Rigorous exercise undertaken by young girls, combined with a negative energetic balance, is related to substantial physiological changes in a competitor’s body, often leading to hormonal imbalance manifested by: delayed puberty, delayed menstruation, menstrual disorders, and even long-term secondary amenorrhoea (cessation of regular menses for three months or the cessation of irregular menses for six months).
According to sport-specific recent guidelines, dancers should consume at least 30 kcal/kg fat-free mass/day, plus the training energy expenditure, in order to diminish the risk of energy imbalance and associated disorders.

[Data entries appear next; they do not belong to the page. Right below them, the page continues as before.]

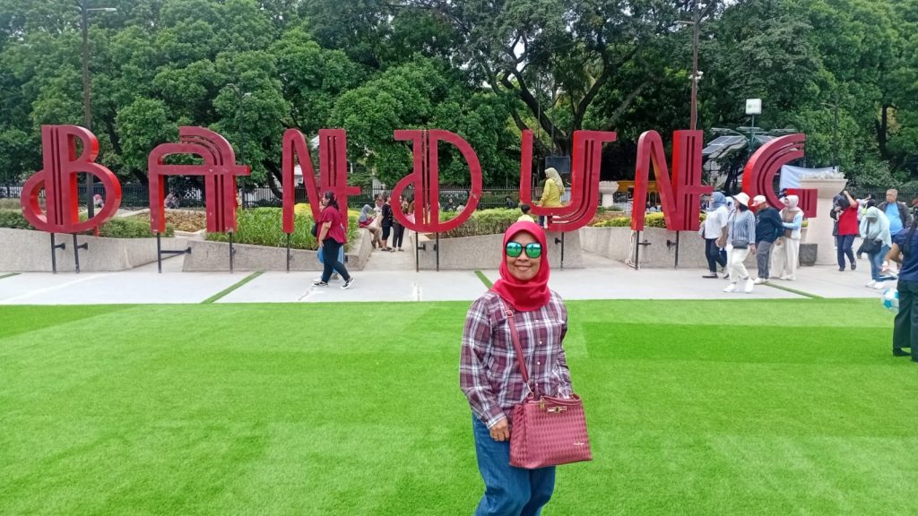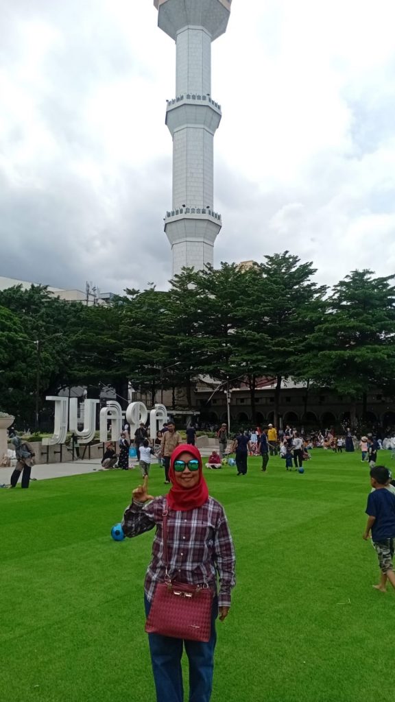 Lapangan berlapis rumput hijau sintetis di sekitar masjid menjadi tempat yang nyaman untuk bersantai, berfoto, dan menyaksikan keceriaan anak-anak—bahkan orang dewasa—bermain bola. Tulisan “Bandung” berukuran besar berwarna merah menyala berdampingan dengan tulisan “Juara” berwarna putih bersih, menciptakan nuansa layaknya bendera merah putih. Setiap sudutnya terasa sangat instagramable.
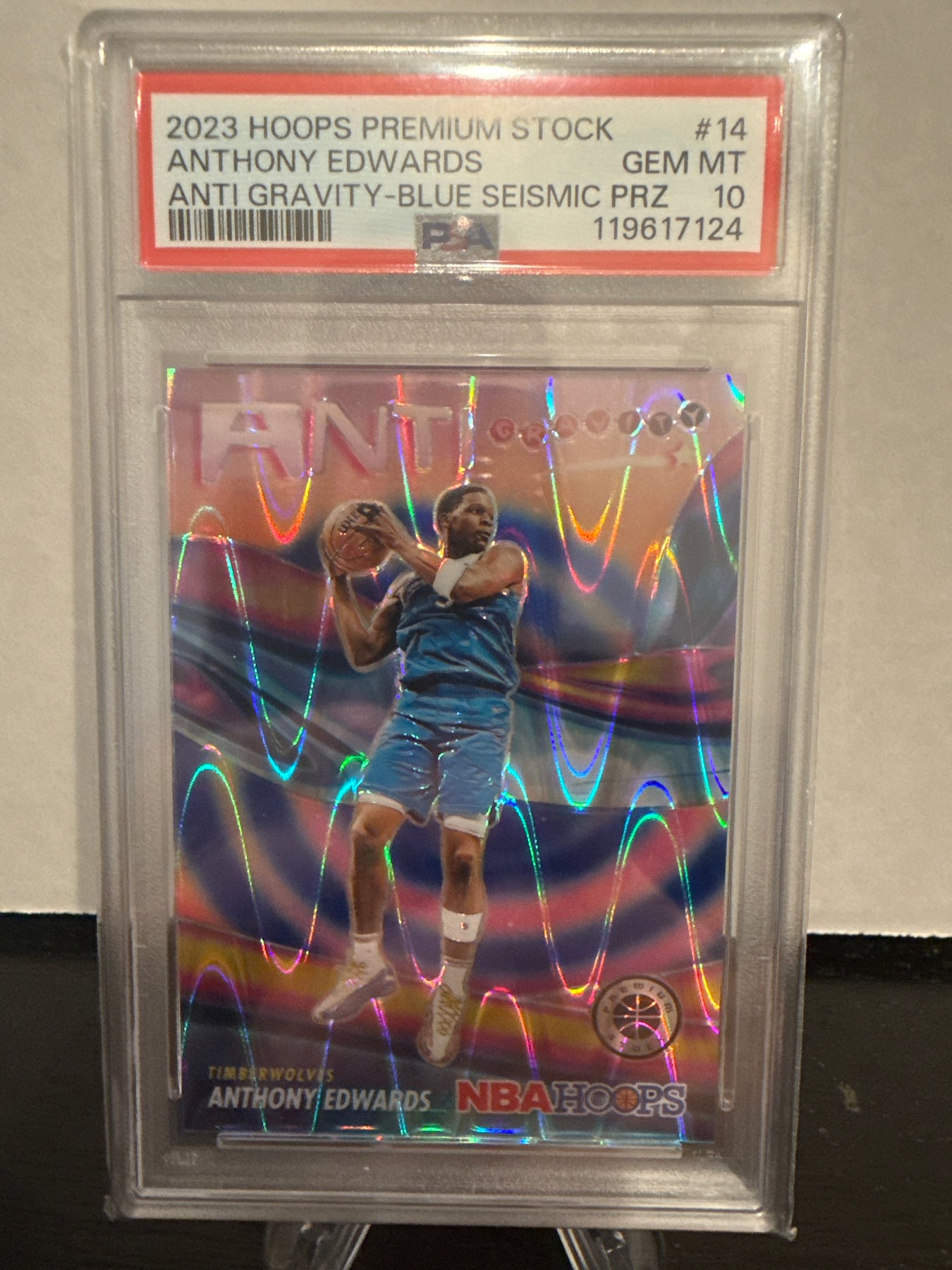 Anthony Edwards 2023 Panini NBA Hoops Premium Stock Anti Gravity Blue Seismic Prizm, 78/99, PSA 10 Gem Mint, Card Number 14
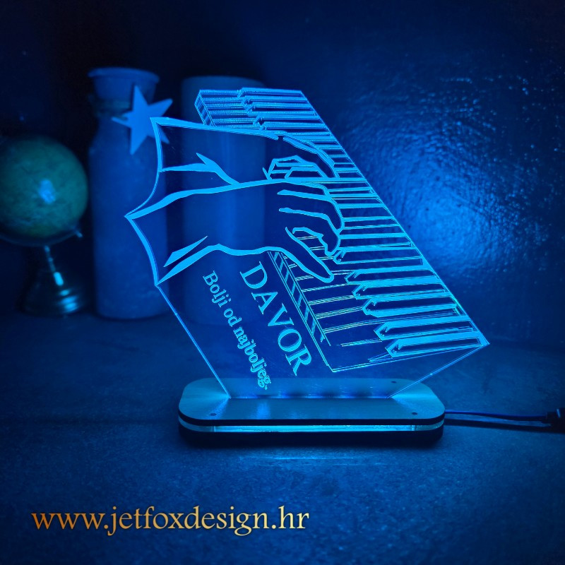 - Motivi i tekst se laserski graviraju na proizrni akril, te je gravra bijela, boje dolaze od osvjetljenja na postolju (RGB tehnologija)
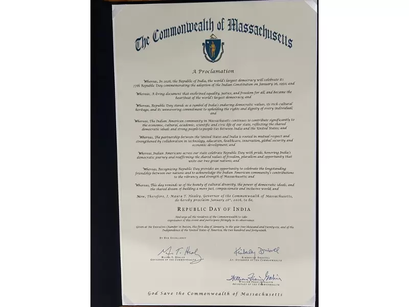 The proclamation recognizes India’s democratic legacy and acknowledges the contributions of the Indian American community to Massachusetts’ civic and cultural life.

For macronutrients, a daily intake of 3 to 5 g carbohydrates/kg, 1.2 to 1.7 g protein/kg, and 20 to 35% of energy intake from fat can be recommended . In addition, nutritional supplements (that may help in achieving specific nutritional goals when dietary intake is inadequate) could include multivitamins, antioxidants, such as carotenoids [21,22,23,24,25,26,27] and polyphenols [28,29], polyunsaturated fatty acids  and minerals.
Common nutritional concerns for the female athlete include low energy availability (i.e., energy intake from food remaining for metabolic processes after accounting for energy expended during exercise) and inadequate dietary intakes (i.e., not meeting sports nutrition guidelines) of carbohydrates, protein, essential fatty acids, B-vitamins, calcium, iron, and vitamin D.
Low energy availability and the associated nutrient deficiencies are more common in athletes who compete in weight-sensitive sports, such as aesthetic, gravitational, and weight category sports, because low body fat and mass often confer a competitive advantage .
It is important that athletes seek dietary advice from qualified specialists, since the pressure to maintain a low body weight and low body fat levels is high, especially in styles as ballet, and this can lead to an unbalanced diet and health problems if not correctly supervised. Both screening for altered nutritional status and education programs are recommended in order to inform about energy and nutrition requirements and to prevent malnutrition-related problems in high-risk group, such as young female ballet dancers.